Analysis of several key factors influencing deep learning-based inter-residue contact prediction

Affiliations

Analysis of several key factors influencing deep learning-based inter-residue contact prediction

Tianqi Wu et al. Bioinformatics. .

Abstract

Motivation: Deep learning has become the dominant technology for protein contact prediction. However, the factors that affect the performance of deep learning in contact prediction have not been systematically investigated.

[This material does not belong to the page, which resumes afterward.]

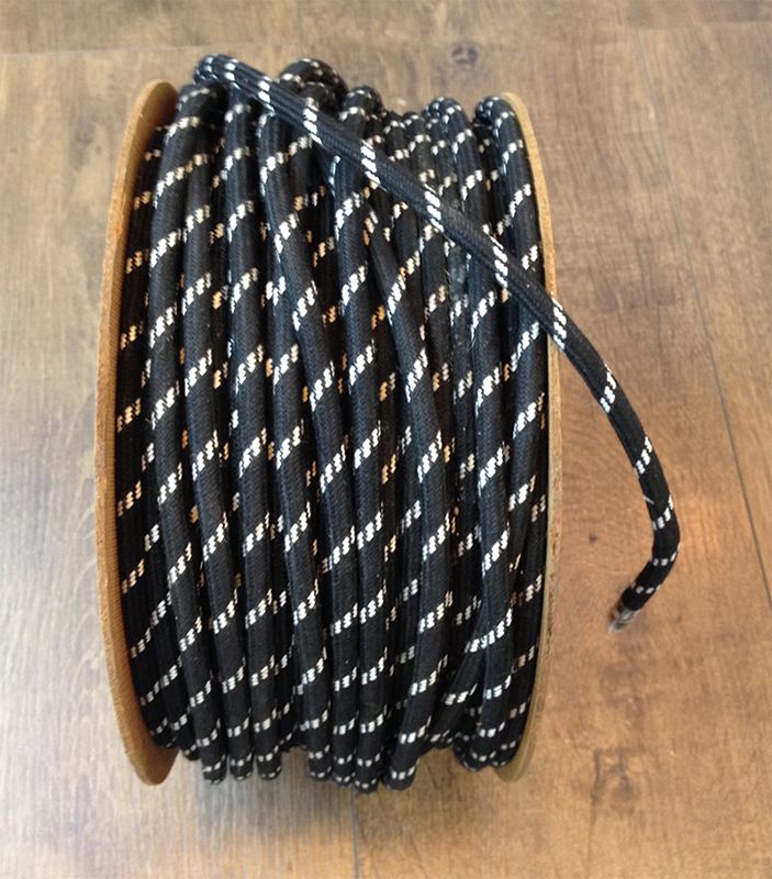 Cable eléctrico redondo recubierto en textil de color negro con líneas blancas. No se trata de una réplica, es el cable original, modelo “Superfil” fabricado por PIRELLI. ¡Últimos metros en stock! Cable idóneo para restaurar lámparas antiguas o crear nuevos diseños originales.
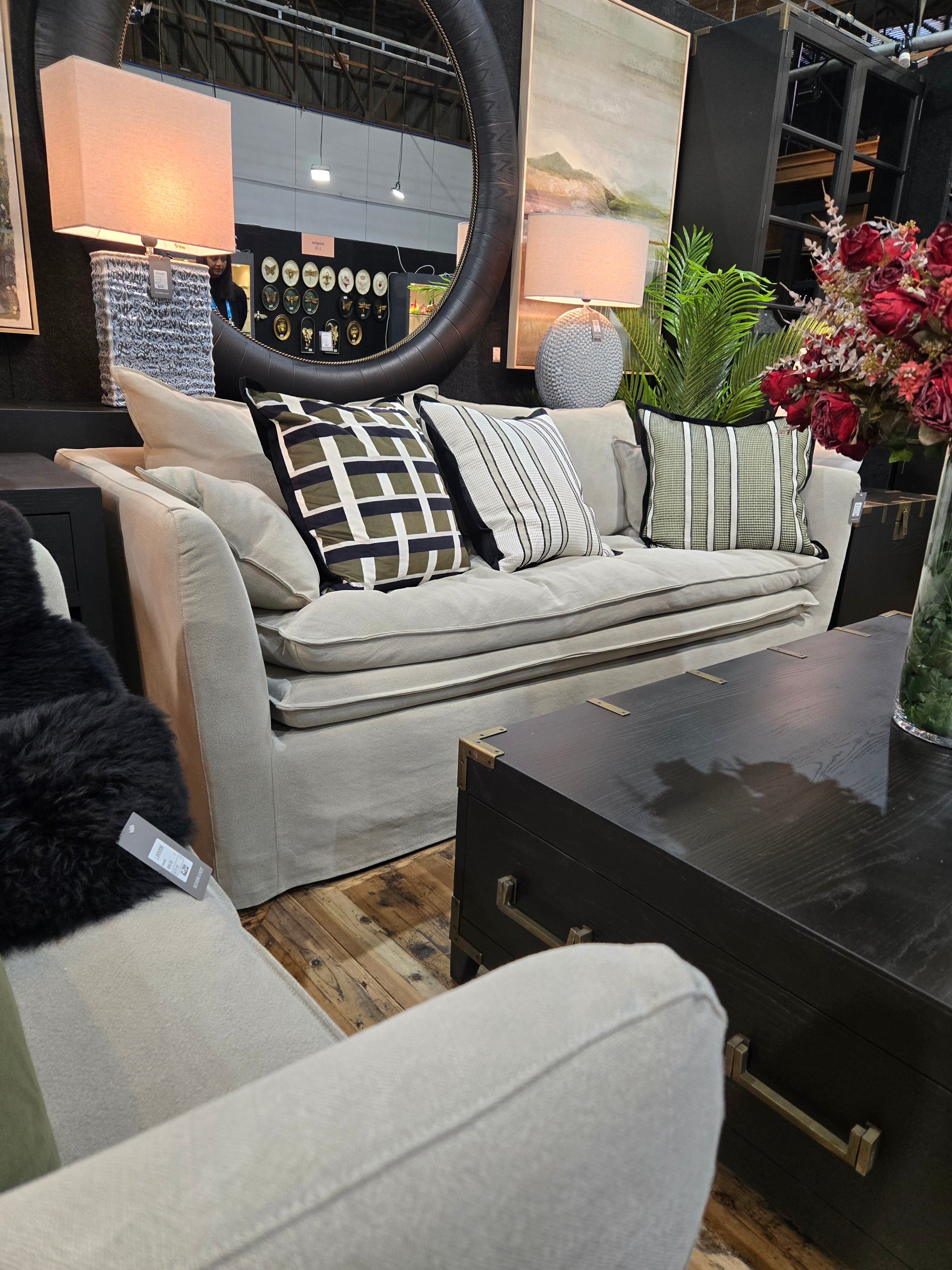 Composition: Upholstery : Linen / Cotton Mix, Cushions : 100% Feather Filled

Results: We analyzed the results of our three deep learning-based contact prediction methods (MULTICOM-CLUSTER, MULTICOM-CONSTRUCT and MULTICOM-NOVEL) in the CASP13 experiment and identified several key factors [i.e. deep learning technique, multiple sequence alignment (MSA), distance distribution prediction and domain-based contact integration] that influenced the contact prediction accuracy. We compared our convolutional neural network (CNN)-based contact prediction methods with three coevolution-based methods on 75 CASP13 targets consisting of 108 domains. We demonstrated that the CNN-based multi-distance approach was able to leverage global coevolutionary coupling patterns comprised of multiple correlated contacts for more accurate contact prediction than the local coevolution-based methods, leading to a substantial increase of precision by 19.2 percentage points. We also tested different alignment methods and domain-based contact prediction with the deep learning contact predictors. The comparison of the three methods showed deeper sequence alignments and the integration of domain-based contact prediction with the full-length contact prediction improved the performance of contact prediction. Moreover, we demonstrated that the domain-based contact prediction based on a novel ab initio approach of parsing domains from MSAs alone without using known protein structures was a simple, fast approach to improve contact prediction. Finally, we showed that predicting the distribution of inter-residue distances in multiple distance intervals could capture more structural information and improve binary contact prediction.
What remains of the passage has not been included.